📜 ⬆️ ⬇️

Monitoring Task Execution in IPython Notebook

I would like to share a simple but useful tool. When you work a lot with data, there are often primitive, but long operations, for example: “download 10,000 URLs”, “read a 2GB file, and do something with each line”, “parse 10,000 html files and get headers” . Looking at the hung terminal for a long time is alarming, so for a long time I used the following ingenious code:
def log_progress(sequence, every=10): for index, item in enumerate(sequence): if index % every == 0: print >>sys.stderr, index, yield item 


This function is beautiful; for more than a year, it moved from task to task. But recently I noticed the IntProgress widget in the standard Jupyter delivery and I realized that it was time to change something:


There are three minor problems with logging to stderr:
  1. It's not beautiful. Obviously.
  2. Sometimes it blows up the buffer.
  3. Sometimes someone else writes to stderr or stdout.

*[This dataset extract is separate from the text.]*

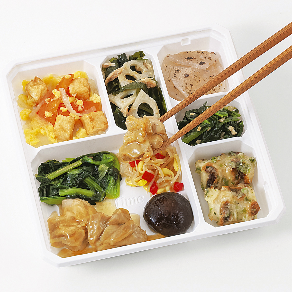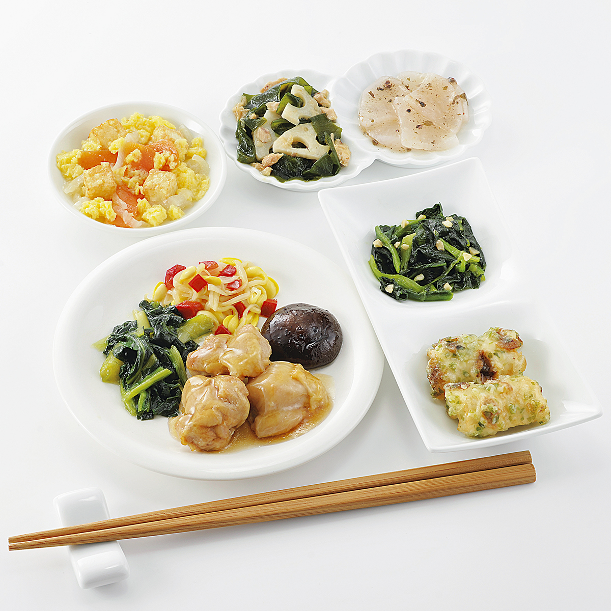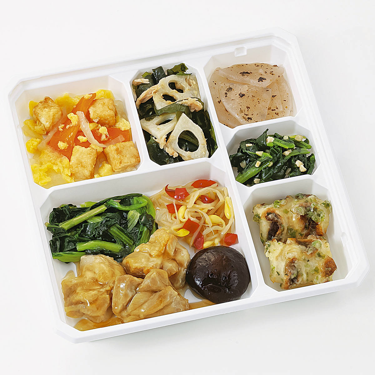 | 原材料名 | 鶏肉、ほうれん草、大根、竹輪、小松菜、玉ねぎ、大豆もやし、厚揚げ、なたね油、れんこん水煮、人参、濃口醤油、砂糖、ツナフレーク、炒り卵、天ぷら粉、赤ピーマン、本みりん、乾燥しいたけ、淡口醤油、しそ入調味梅肉、清酒、果実調味料、乾燥わかめ、発酵調味料、ローストアーモンド、顆粒和風だし、おろししょうが、顆粒中華風だし、乾燥赤しそ、食塩、あおさ粉、かつお削りぶし、白こしょう/加工デンプン、増粘剤(加工デンプン、増粘多糖類)、調味料(アミノ酸等)、トレハロース、pH調整剤、凝固剤、膨脹剤、酸味料、焼成Ca、着色料(クチナシ、野菜色素)、酸化防止剤(V.C)、マンニット、V.B1、甘味料(ステビア)、漂白剤(亜硫酸塩)、(一部に小麦・卵・アーモンド・牛肉・大豆・鶏肉・豚肉・ゼラチンを含む) | ||

Like many people who work with data, I'm a fan of Jupyter. Most of the time I spend there. Therefore, I can afford the following solution incompatible with other environments:
 def log_progress(sequence, every=10): from ipywidgets import IntProgress from IPython.display import display progress = IntProgress(min=0, max=len(sequence), value=0) display(progress) for index, record in enumerate(sequence): if index % every == 0: progress.value = index yield record 

')
All the same, only the counter is displayed not in stderr, but in a special widget. Very simple and convenient. For those who are also hooked on Jupyter, I posted a slightly improved version on GitHub github.com/alexanderkuk/log-progress . The module is distributed copy-ramp Use on health.

The improved version displays, in addition to the strip, a counter. And changes color depending on whether the operation was successfully completed or not:



Supports iterators:


Naturally, in one cell there can be several progress bars:



And they can even work from different threads:


In short, once again link to the github.com/alexanderkuk/log-progress code.